Amgen received TGA approval for its high-concentration Amgevita® formulations (referencing AbbVie’s Humira® (adalimumab)) in September 2025. In September 2024, Celltrion’s Yuflyma® was TGA approved in 20mg/0.2ml PFS. Yuflyma® has previously been approved in Australia in 40mg/0.4ml (March 2022) and 80mg/0.8ml (June 2023) forms and was PBS-listed in March 2023 (40mg/0.4ml).
In addition to Celltrion’s Yuflyma® and Amgen’s Amgevita®, there are a number of other high-concentration adalimumab biosimilars approved in Australia, including Alvotech/Cipla’s Ciptunex®/Adalicip® (September 2022), Samsung Bioepis’ Hadlima® (February 2023) and Sandoz’s Hyrimoz® (May 2024).

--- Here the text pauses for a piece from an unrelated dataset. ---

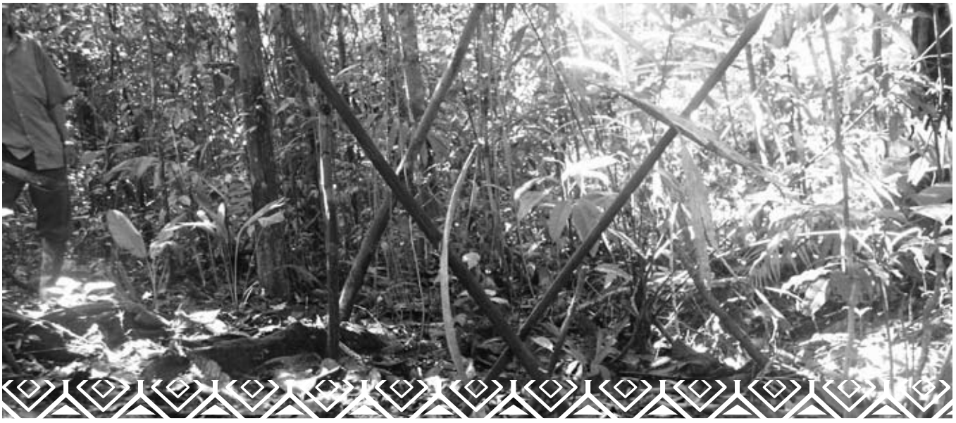
These crossed spears, left by indigenous groups deep in the forest, provide an unequivocal warning for outsiders to stay away. These were found near the Piraña oil field of Blocks 39, located in the core of the proposed Napo Tigre territorial reserve.

In September 2025, Celltrion announced the Australian launch of Omlyclo®, biosimilar to Novartis’ Xolair® (omalizumab). Omlyclo® is currently the only omalizumab biosimilar approved in Australia, having first been approved in PFS presentations in November 2024 and PBS-listed on 1 August 2025. The PFP formulations which will be considered by PBAC in March 2026 were approved in August 2025.
Sandoz’s Ardelya®, biosimilar to J&J/Janssen’s Stelara® (ustekinumab), will be considered by PBAC at its March 2026 meeting, although it has not yet received marketing approval in Australia. While Amgen’s Wezlana® was the first ustekinumab biosimilar recommended for PBS-listing in March 2024, Amgen is no longer proceeding with that listing. As a result, Celltrion’s Steqeyma® was the first ustekinumab biosimilar to be PBS-listed on 1 August 2025. Samsung Bioepis’ Epyztek® (ustekinumab) was recommended for PBS-listing at PBAC’s March 2025 meeting, but the current status of the application is recorded as “inactive”.